** Records for processing **

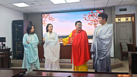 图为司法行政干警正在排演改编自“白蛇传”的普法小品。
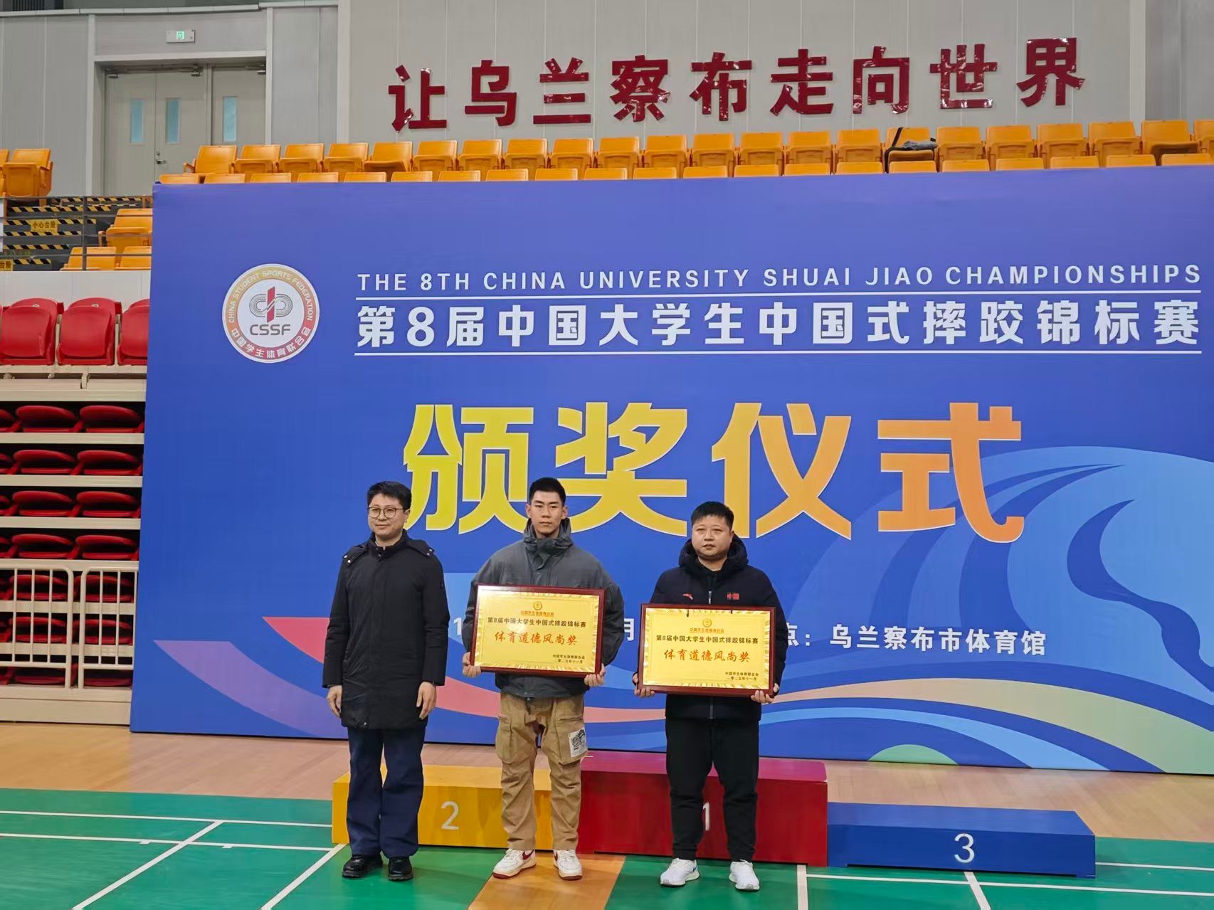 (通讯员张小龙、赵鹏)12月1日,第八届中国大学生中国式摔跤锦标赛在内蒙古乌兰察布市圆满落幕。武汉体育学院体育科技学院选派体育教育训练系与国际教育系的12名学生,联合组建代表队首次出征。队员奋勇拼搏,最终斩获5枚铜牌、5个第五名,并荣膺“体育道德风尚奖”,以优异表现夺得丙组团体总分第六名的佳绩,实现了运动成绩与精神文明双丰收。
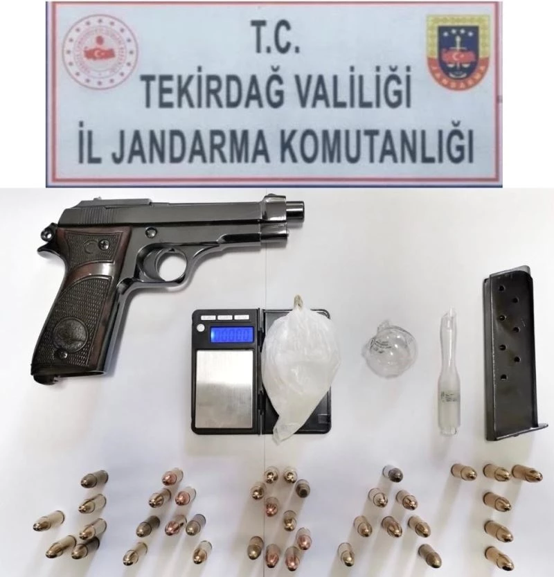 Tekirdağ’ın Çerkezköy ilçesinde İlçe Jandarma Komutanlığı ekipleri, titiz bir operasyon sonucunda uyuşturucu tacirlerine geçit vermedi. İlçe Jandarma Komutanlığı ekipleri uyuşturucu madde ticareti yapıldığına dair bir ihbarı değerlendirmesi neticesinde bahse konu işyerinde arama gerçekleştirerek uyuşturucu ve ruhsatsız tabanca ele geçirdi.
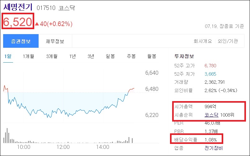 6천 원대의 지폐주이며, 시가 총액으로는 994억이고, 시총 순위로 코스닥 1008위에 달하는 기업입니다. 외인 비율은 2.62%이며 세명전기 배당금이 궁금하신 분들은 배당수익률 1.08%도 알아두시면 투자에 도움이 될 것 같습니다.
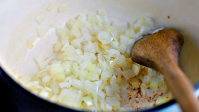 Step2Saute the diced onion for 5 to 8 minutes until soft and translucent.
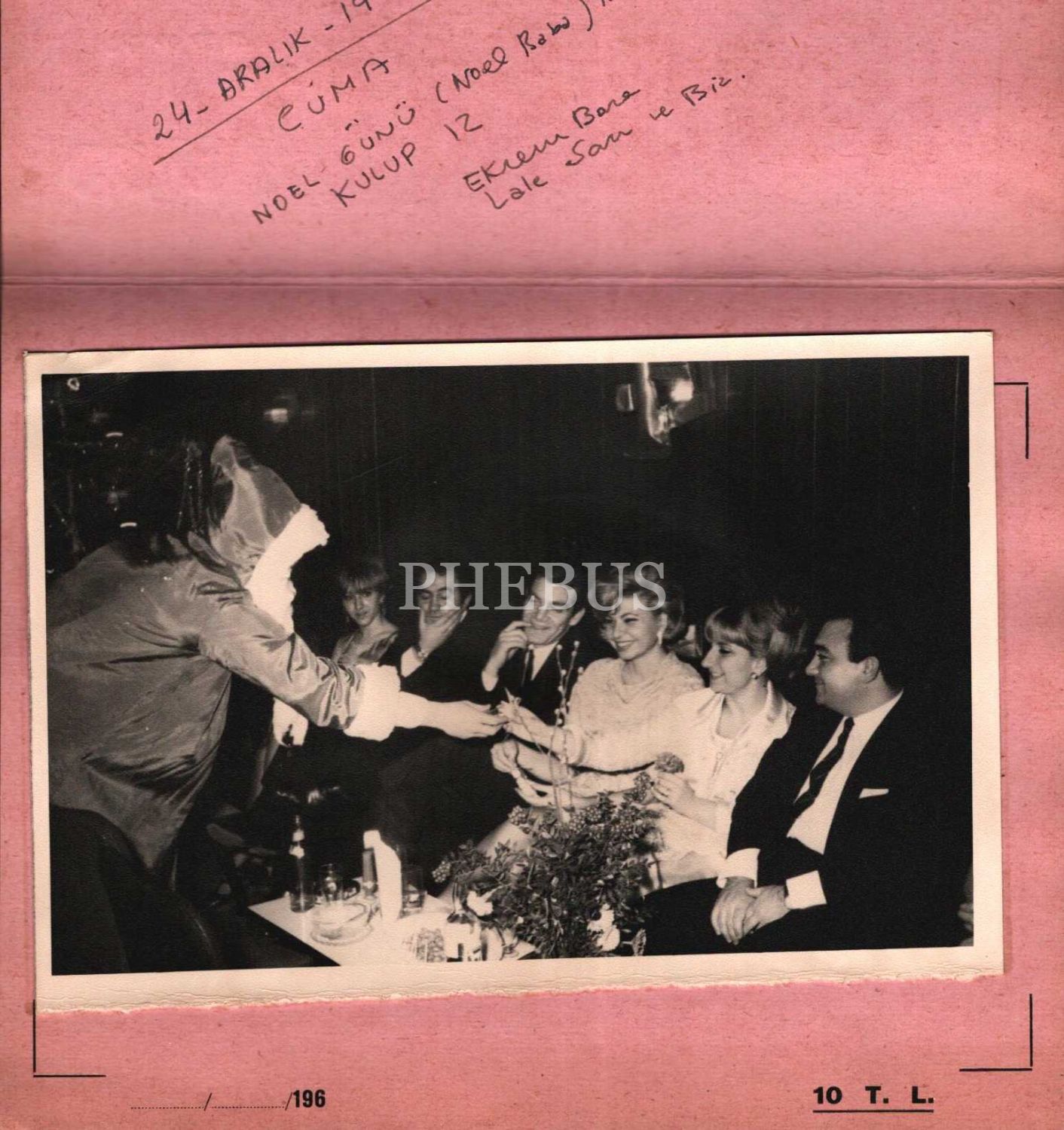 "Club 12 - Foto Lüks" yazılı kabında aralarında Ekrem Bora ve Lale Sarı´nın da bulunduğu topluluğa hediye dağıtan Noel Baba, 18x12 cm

** Work to complete **
From the line with "Step2Saute the diced" down to the final line of the entries above, repeat each line exactly; omit the pictures.

** Result **
 Step2Saute the diced onion for 5 to 8 minutes until soft and translucent.
 "Club 12 - Foto Lüks" yazılı kabında aralarında Ekrem Bora ve Lale Sarı´nın da bulunduğu topluluğa hediye dağıtan Noel Baba, 18x12 cm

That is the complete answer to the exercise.